It is often necessary to combine the output from one or more light sources in an optical system. This may involve mixing light of the same wavelength from single or multiple sources or may involve mixing light of different wavelengths from multiple sources. A particularly important example is the production of white light by combining the output from discrete red (R), green (G) and blue (B) LED's. Efficient white light production from RGB LED arrays is a crucial enabling technology for the widespread use of LEDs for general lighting. RGB LED arrays are far more energy efficient than known LEDs based on phosphors. Improvements in the energy efficiency and effectiveness of mixing light, and in particular mixing light from LEDs, are therefore desirable to enable use of LED arrays in place of phosphor and related conversion systems to produce white light. Energy efficiency in lighting is usually measured in lumens provided per Watt of power used to supply these lumens.
An important factor is that the human eye is very sensitive to slight variations in colour. Therefore, one problem encountered in the mixing of light is that the required degree of colour uniformity, wherein colour variations in the resultant light are imperceptible to the human eye, cannot be achieved by current mixing methods without unacceptable losses.
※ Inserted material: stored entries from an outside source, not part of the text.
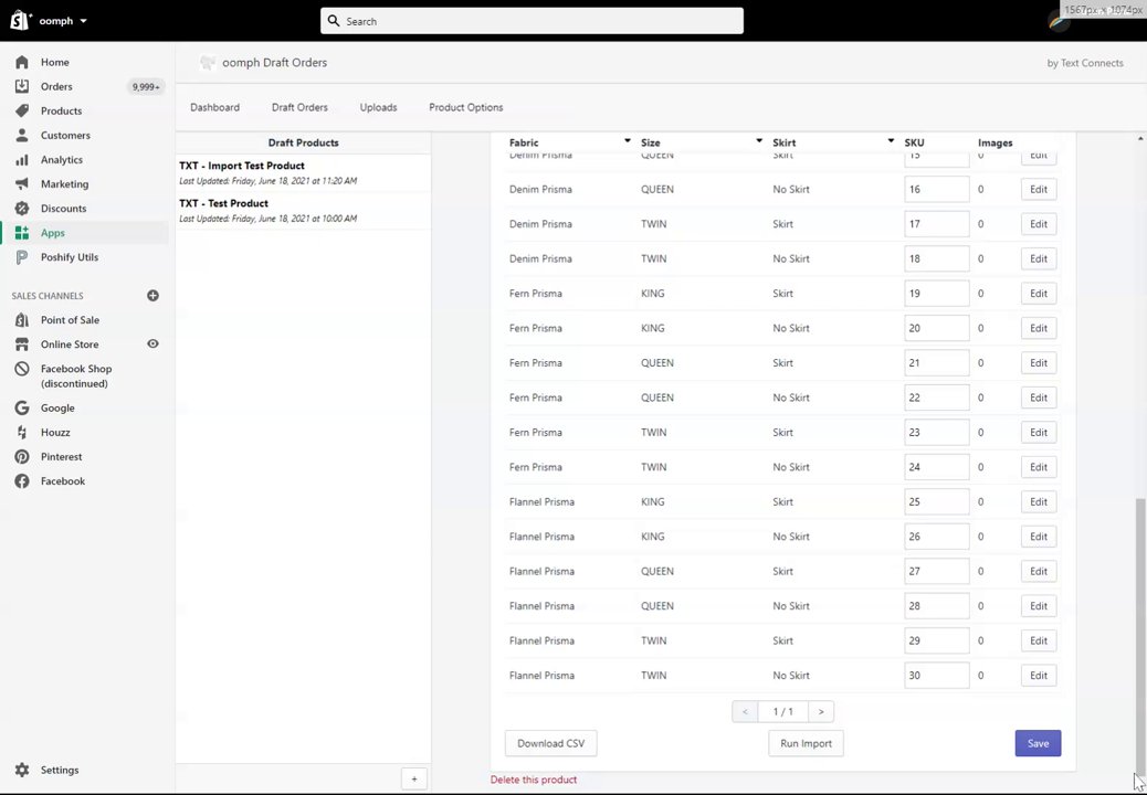 To import a product, you may export the CSV file as detailed above and upload it using the oomph Product Engine, or use the Run Import button. Both will use the same overall process to generate your product and create/update the product on Shopify.
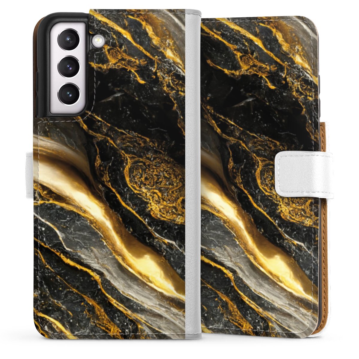 For our Sideflip Case we are using our advanced direct printing technology. The back and frontside are fully printabale, the inside of the phone bag is left unprinted. You can order the phone case without print, printed completely or also with a partial print.
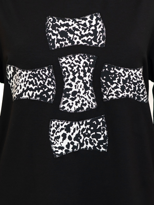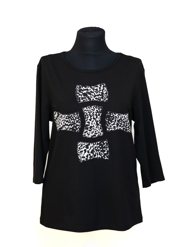Ženska majica okruglog vratnog izreza . Majica je po sastavu 92% viskoza i 8% elastan, ugodna je za nošenje i lako se održava. Dezen je vrlo urban i u  bojama sezone. Ova majica odgovara svakom tipu ženske figure i prigodna je kako za svečanije prigode tako i za odlazak na posao te je idealna za toplije dane uz suknju ili pak hlače.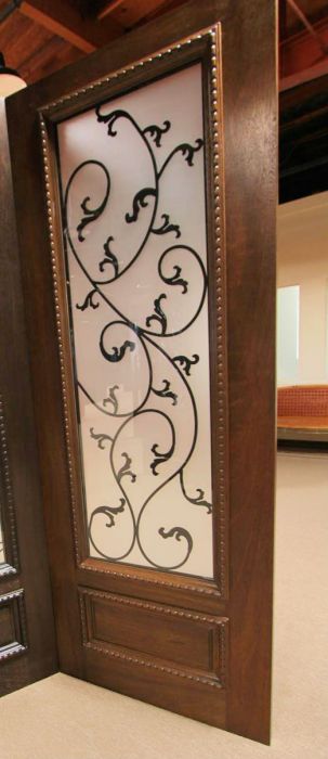 WDMA 38x80 Door (3ft2in by 6ft8in) Exterior Mahogany Door One Sidelight Leaf Scrollwork Ironwork Glass Attributes Table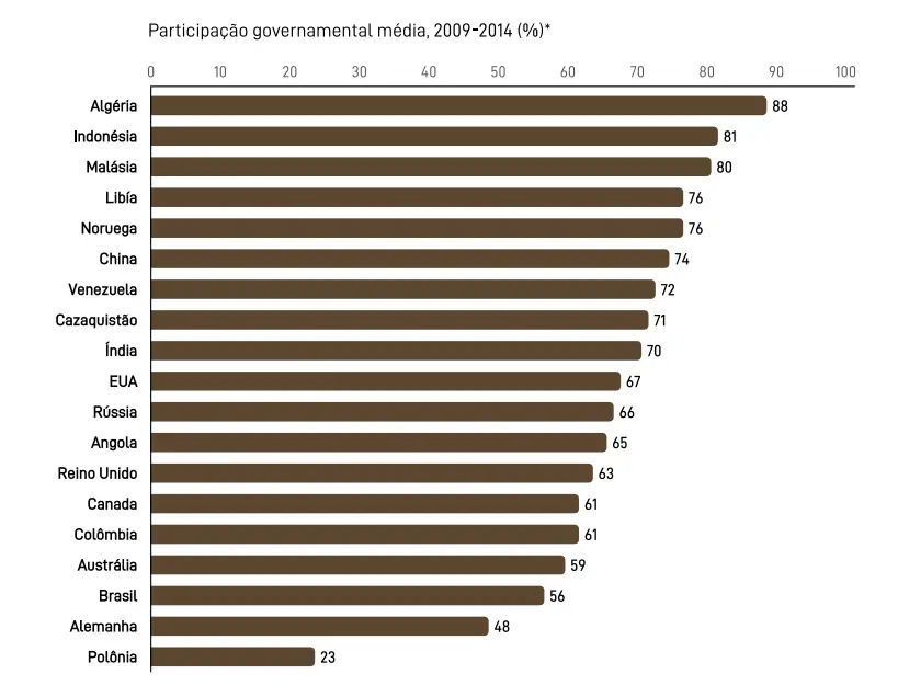 Por ser um país produtor, a União tem o direito de receber do setor petrolífero rendas governamentais: royalties, bônus de assinatura, o pagamento de tributos, e, no caso específico da Petrobras, os dividendos, por ser acionista da companhia. Ao dividir as rendas governamentais pela rentabilidade da empresa, tem-se o percentual de participação governamental – que, para 2021, foi de 47,1%.

Zhao, F. et al, “Optical Elements for Mixing Coloured LEDs to Create White Light”, conference paper 4776-35 at SPIE International Symposium on Optical Technology (SPIE's 47th Annual meeting, July 2002), published in Solid State Lighting II: Proceedings of SPIE volume 4776, pages 206–214, (2002) disclose an experimental investigation into the problems encountered and illustrates the deficiencies of the current state-of-the-art. Zhao, F. et al disclose using optically clear, acrylic light guides of square and circular cross section and of various lengths (76 mm, 152 mm, 305 mm) to mix red, green and blue light from an RGB LED array comprising 18 LED's.
The light guides were not found to significantly improve the beam uniformity in terms of illuminance and colour and there was no appreciable difference in the quality of the light produced by the different shaped light guides. The system energy efficiency deteriorated as a function of length as expected. The only improvement in illuminance and colour uniformity was achieved by diffusing the output ends of the light guides, which incurred further deterioration in efficiency.
Generation of white light is not the only application requiring efficient mixing of laser diode or LED output. Photo-curing of cements, such as dental cement requires a uniform illumination of the photosensitive material. Existing systems based on light guides produce uneven illumination giving unsatisfactory curing.
Hence, there is a need for a means of combining the output from one or more light sources to achieve output light with good uniformity of both colour and intensity across the output area. It is also desirable to have the ability to combine light from multiple sources without greatly increasing the angular spread of the input light and to make full use of the lumens supplied by the one or more sources.